(a) Clinical supervision. Clinical supervision must be accomplished by an LPHA or a QMHP-CS as follows:
(1) by conducting a documented meeting with the staff member being supervised at least monthly; and
(2) for peer providers, by conducting an additional monthly documented observation of the peer provider providing mental health community services.
(b) Policies and procedures. The LMHA or MCO will develop and implement written policies and procedures for supervision of all applicable levels of staff members providing services to individuals.

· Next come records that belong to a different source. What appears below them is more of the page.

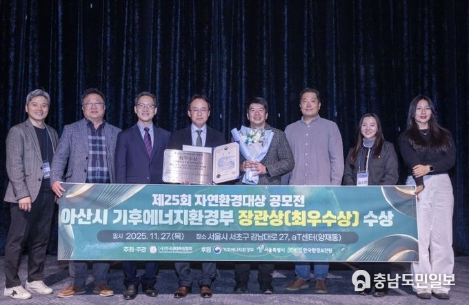 (충남도민일보 =아산) 정연호기자/아산시는 27일 서울 aT센터에서 열린 ‘제25회 자연환경대상 공모전’ 시상식에서 복원사업 부문 ‘최우수상(장관상)’을 수상했다고 밝혔다.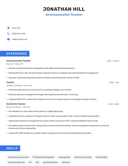 The most important skills for an americanization teacher resume and required skills for an americanization teacher to have include: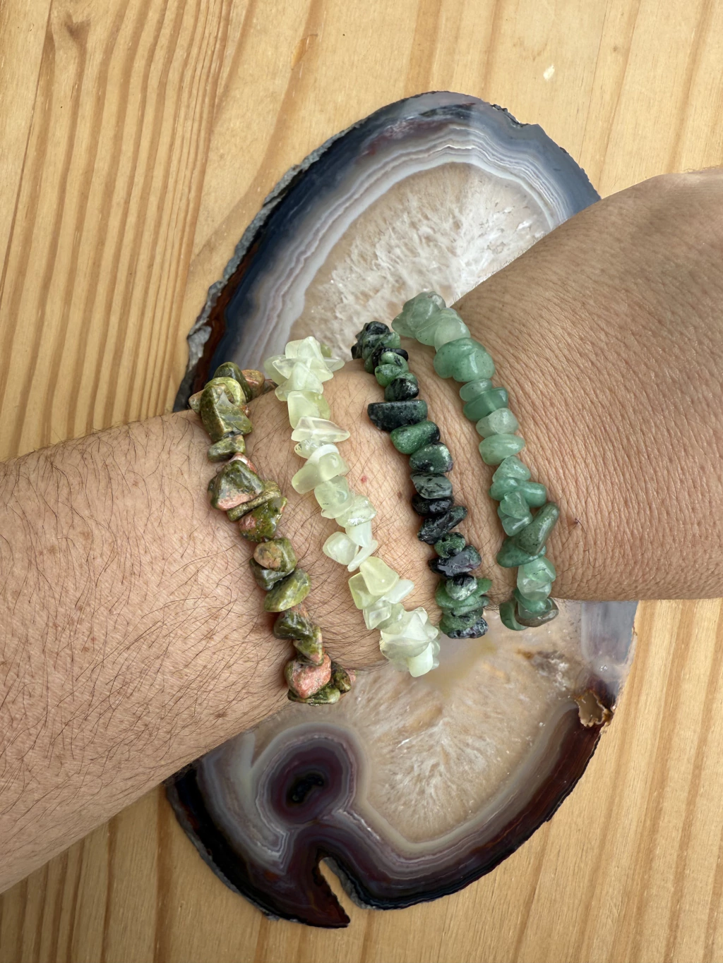 A Unakita é uma pedra de visão que equilibra as emoções com a espiritualidade. Colocado sobre o Chakra Frontal ela o abre e promove a visualização.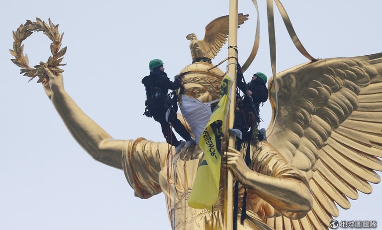 綠色和平組織(Greenpeace)的成員爬上位於首都柏林的勝利女神紀念碑,將女神的嘴巴用抗議布條遮起來,象徵女神因為城市的汙染無法呼吸,希望當局正視柏林空汙的問題。

(c) Licensed staff member supervision. All licensed staff members must be supervised in accordance with their practice act and applicable rules.
(d) QMHP-CS supervision. A QMHP-CS's designated clinical duties must be clinically supervised by:
(1) a QMHP-CS; or
(2) an LPHA if the QMHP-CS is clinically supervising the provision of mental health community services.
(e) CSSP supervision. A CSSP's designated clinical duties must be clinically supervised by a QMHP-CS. The CSSP must have access to clinical consultation with an LPHA when necessary.
(f) Family partner supervision. A family partner is supervised by the mental health children's director, clinic director, case management supervisor, or wraparound supervisor.
(g) Peer provider supervision. A peer provider's designated clinical duties must be clinically supervised by an LPHA.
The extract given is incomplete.